May 4, 2013

If you are not on Facebook or Twitter while watching Scandal, I would encourage you to check out the posts from time to time, perhaps during the commercial breaks.  This latest episode brought about some interesting comments for sure, with the line of the night being "if you want me, earn me!"  Everybody wondered what Fitz was going to do.  I think that a lot of people feel conflicted when watching the show.  They want Olivia to win but not to win as a mistress.  Why even think that deep about it when it is just a TV show?  Trust me, I wish it wasn't that deep and I guess it really does not have to be. However, when you consider the struggle and the frustration over the images of black women in media/entertainment, to finally have a black leading lady, we can't help but be that deep.  Plus, I do not know that we should throw the "social responsibility" talk out of the window because Shonda Rhimes has produced yet another hit show that captivates us.  I must admit though I would like nothing more than to veg out, watch the show, and not think twice about it.

So yeah we want Olivia to win but not as a mistress.  I think most people agree that she and Fitz genuinely love each other.  His marriage was built on the wrong things and he became enthralled with another woman.  But because his situation is so frickin' complicated, I can't possibly see how Liv wins in the end.  Ms. Rhimes is the writing expert and I hope she has a way out that ends well for Liv.  Right now though, I just can't see it.  So that leaves many of us conflicted.  We are fascinated with her on one hand and then frustrated with her on the other.  Kerry Washington said that she loved the fact that Olivia Pope was not perfect.  She has flaws and was vulnerable.  I do not know that any of us expect perfection but why this flaw?  To me it is not a flaw, but a stain.  No matter how sharp and lovely, right or wrong, the stain is glaring and what most people zero in on.  Personally, I wonder how the show continues once the biggest scandal is public knowledge.  No other scandal compares.  Even now, no one really wants to see her clients and their scandals.  The prevailing story is Liv and Fitz.  So we see Liv in her weakness now more than in her strength as fixer.  And for all of the progress of being the rare black leading lady, the ultimate image portrayed is still one we want to get away from.  The image of the high-powered, SINGLE, career woman.  The image of the alpha-chick (stealing from Sophia Nelson) outwardly strong but inwardly broken and unhappy.  The image of the breathtaking black woman that is so brilliant that people seek her out and pay her top dollar, but dumb when it comes to men.  The image of the fixer that seriously needs fixing.  The image of black woman as "not a role model." The image of the black woman yet again losing.  It is unnerving and ironic to have these images perpetuated when the inspiration for Olivia Pope, Judy Smith is in fact married with two adult children.  Why was this story line chosen?  I would have been just as drawn in as a viewer to see the brilliant woman win on all fronts, especially when that is indeed happening.

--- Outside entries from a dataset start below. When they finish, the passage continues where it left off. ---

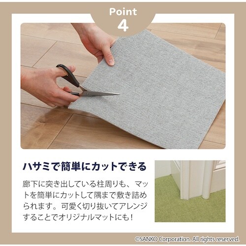 おくだけで取り付け、取り外し簡単。スペースに合わせて組み合わせ自由に敷いていただけます。ハサミで手軽にカットできます。カットしてもほつれません。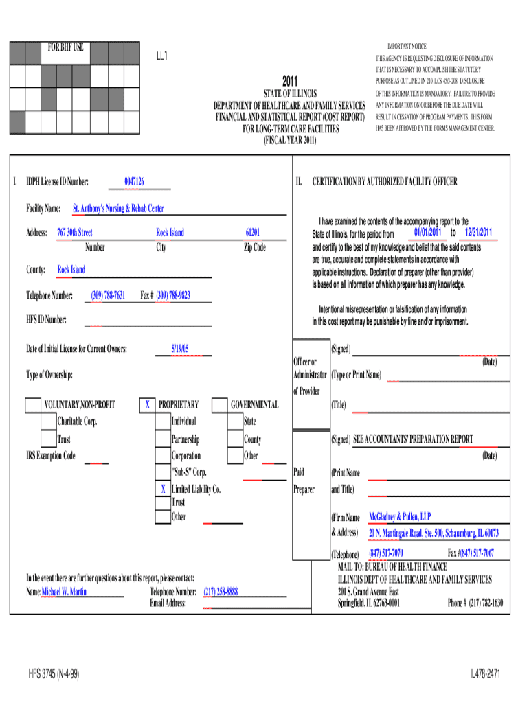 Get the free Financial and Statistical Report (cost Report) for Long-term Care Facilities - hfs i...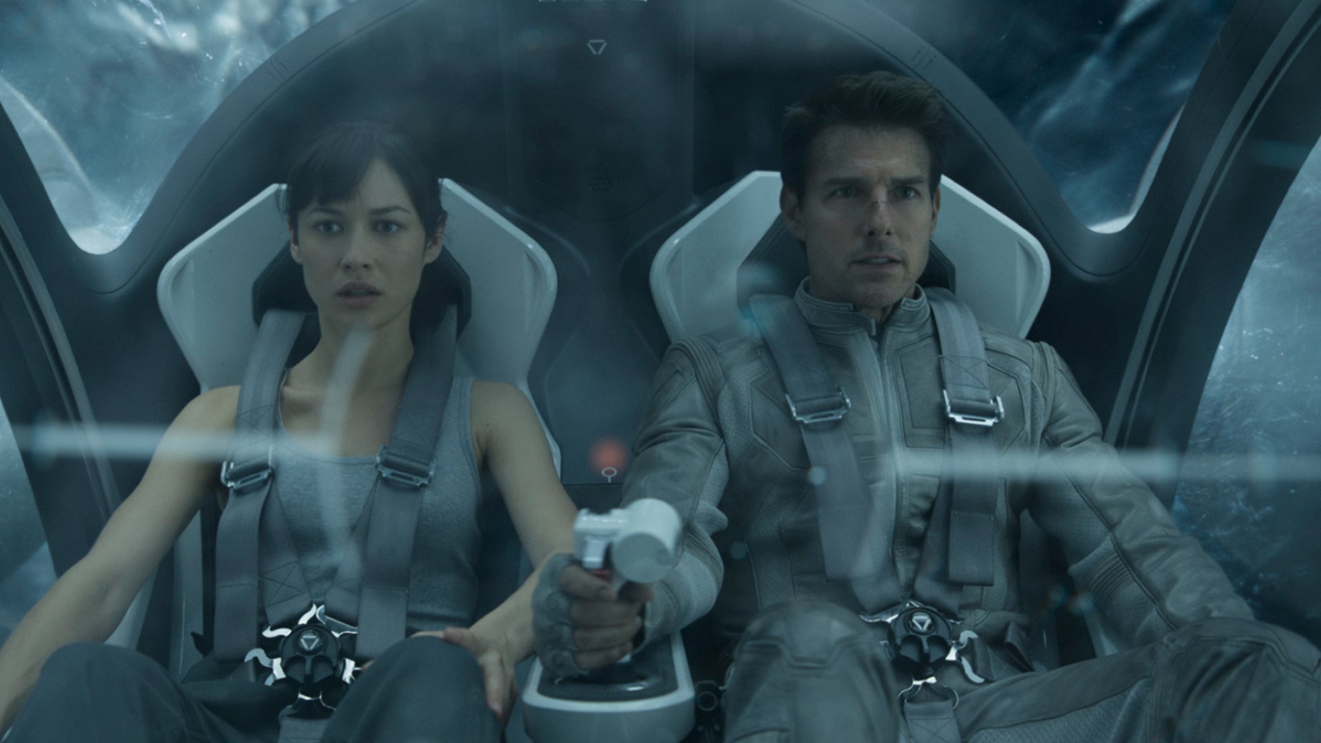 異星人の侵略を受けて地球は荒廃し、生き残った人類は他の惑星へ移住する。そして2077年。地球に残ったジャックとヴィクトリアが、無人偵察機ドローンを用いて地上を監視していた。任務終了まであと2週間となったある日、謎の信号を感知したジャックがパトロールしていたところ、未確認飛行物体が落下する。それはカプセル型の宇宙船で、中に乗っていた女性は、ジャックの夢に毎夜出てくる見知らぬ女性と瓜二つだった。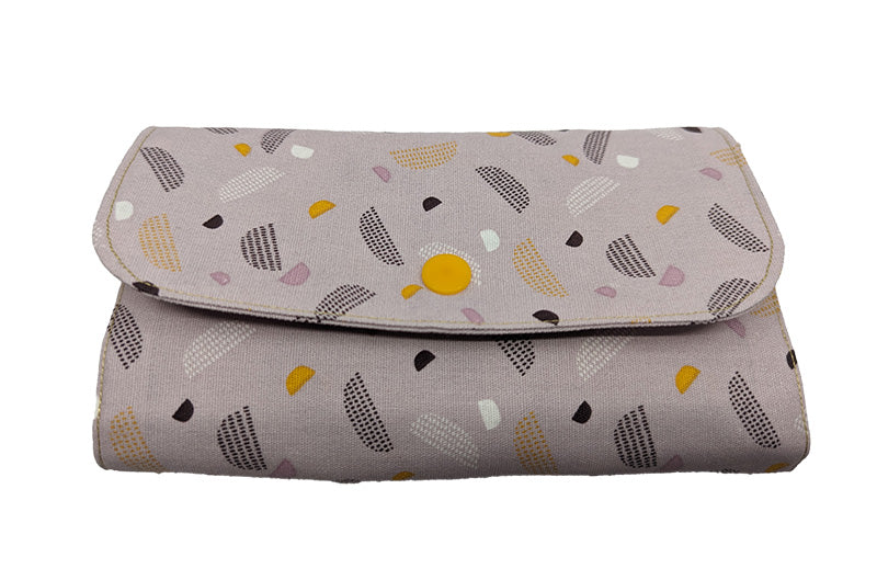 Une fois pliée, il tient fermé grâce à un bouton pression.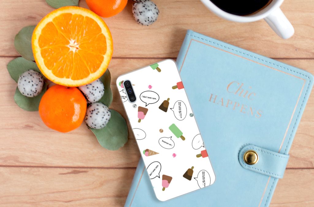 Van deze vrolijke Samsung Galaxy A50 Siliconen Case met daarop verschillende soorten ijsjes met tekstwolkjes krijg je sowieso een vrij en zomers gevoel. De zomer komt naar je toe met deze print van ijsjes met tekstwolkjes. Ben je op het strand, dan ontbreekt een lekker ijsje natuurlijk niet. Net zoals je je smartphone bij de hand hebt, met daaromheen een design hoesje met bijzondere ijsjes en tekstwolkjes. Jouw telefoon kan dan de bescherming in de vorm van een tpu hoesje met ijsjes zeer goed gebruiken. De bovenkant van dit hoesje wordt bedrukt met ijsjes en tekstwolkjes, de zijkanten blijven doorzichtig. De case is gemaakt van schokabsorberend materiaal en past altijd in je broekzak. Onder alle weersomstandigheden zal deze TPU case perfect functioneren, ook in de zomer met een ijsje in je hand.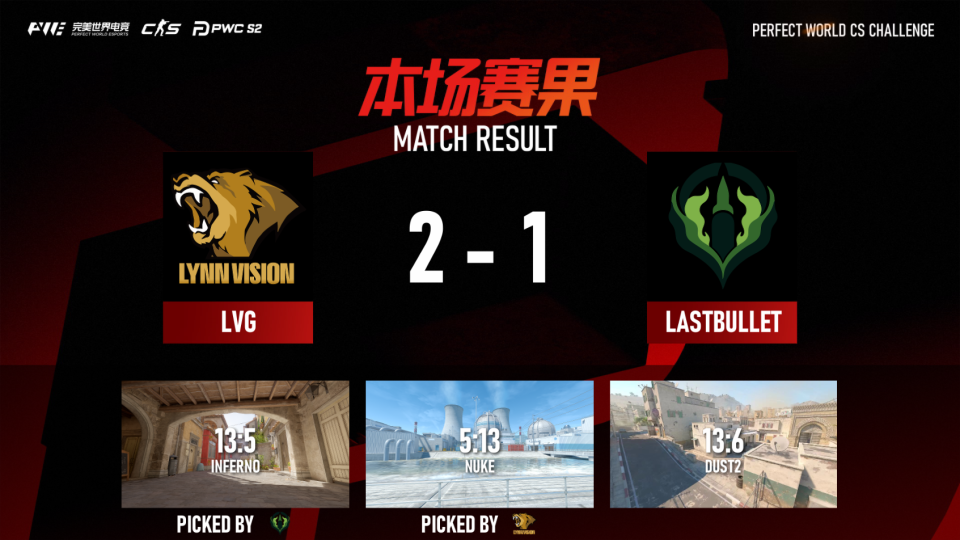 决胜图Dust2,LB虽战术简单但枪法凶悍,而LVG则以小配合还以颜色。双方来回拉锯,从2平、3平打到半场6平。换边LVG一波B再拿手枪局,西瓜突破一马当先,三叶在A平台57击杀后火中切狙狙掉对手单局3杀,单图狂轰25个人头,LVG进攻势如破竹连下7局终结比赛。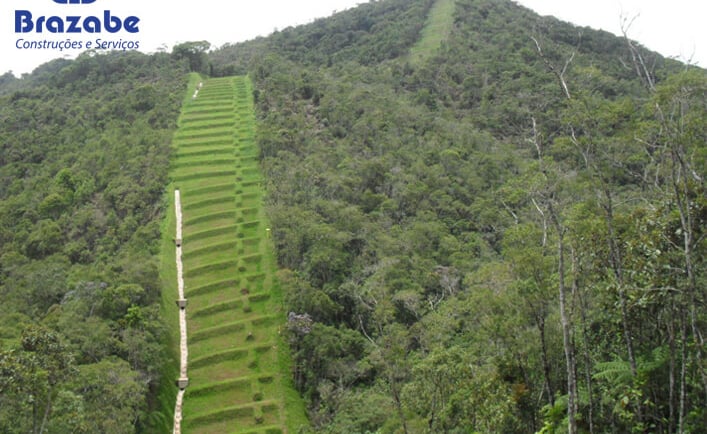Técnicas avançadas de manejo de águas pluviais são implementadas para garantir que a água da chuva seja corretamente canalizada, evitando erosão e ajudando na recarga de aquíferos subterrâneos.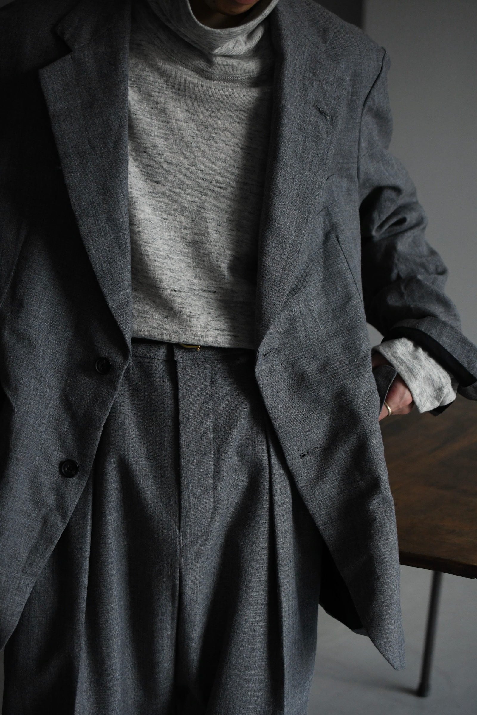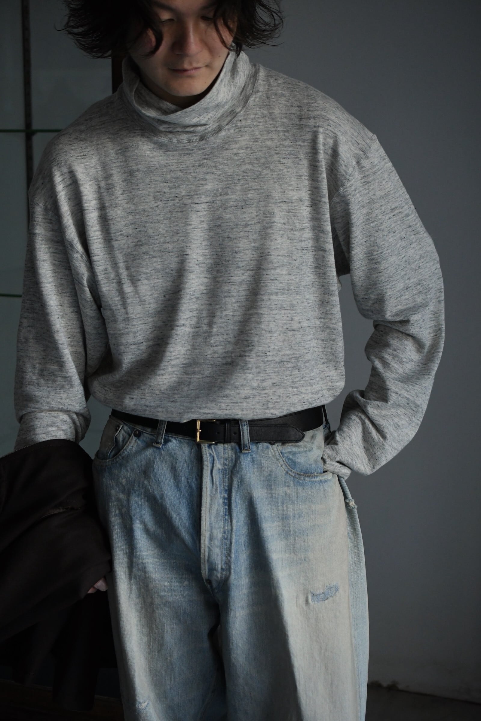 一見は杢グレーのゆったりとした普遍的なタートルカットソーに思えるが、知れば知るほどにどこにも存在しない奇天烈さがあり、一味も二味も楽しめられる事に気が付く筈である。

Instead the role of the mistress is being glorified.  I was surprised to see the promo for a new show on ABC entitled Mistresses.  I haven't looked into the background of the show.  This is mere speculation on my part.  As far as I know it is not a Shonda Rhimes show.  But is this new show partly inspired by the love/empathy for Olivia Pope?  It would not surprise me at all if the creators of this new show decided to craft this show because the success of Scandal is evidence that viewers are not as bothered by the idea of mistresses.  Once again to some it may not be that deep and in a perfect world it should not be that deep.  But we all know the influence media/entertainment have on culture and perceptions.  Life imitates art; art imitates life. We all know that adultery takes place and there are mistresses, but will they now be looked at favorably?  Or will the social responsibility aspect of this be the fact that the side chicks don't win?  Will Ms. Rhimes follow the Denzel Washington philosophy that the bad guys have to suffer the consequences?  If I remember right, Denzel said that his Training Day character had to die (that may not have been the original plan) because he was such a corrupt character that he could not possibly win in the end.  Will that be the fate of Olivia Pope?  If my thesis is correct that we want her to win but not as a mistress, then we should be satisfied either way, right?  What do you think?  Are you conflicted about Olivia Pope?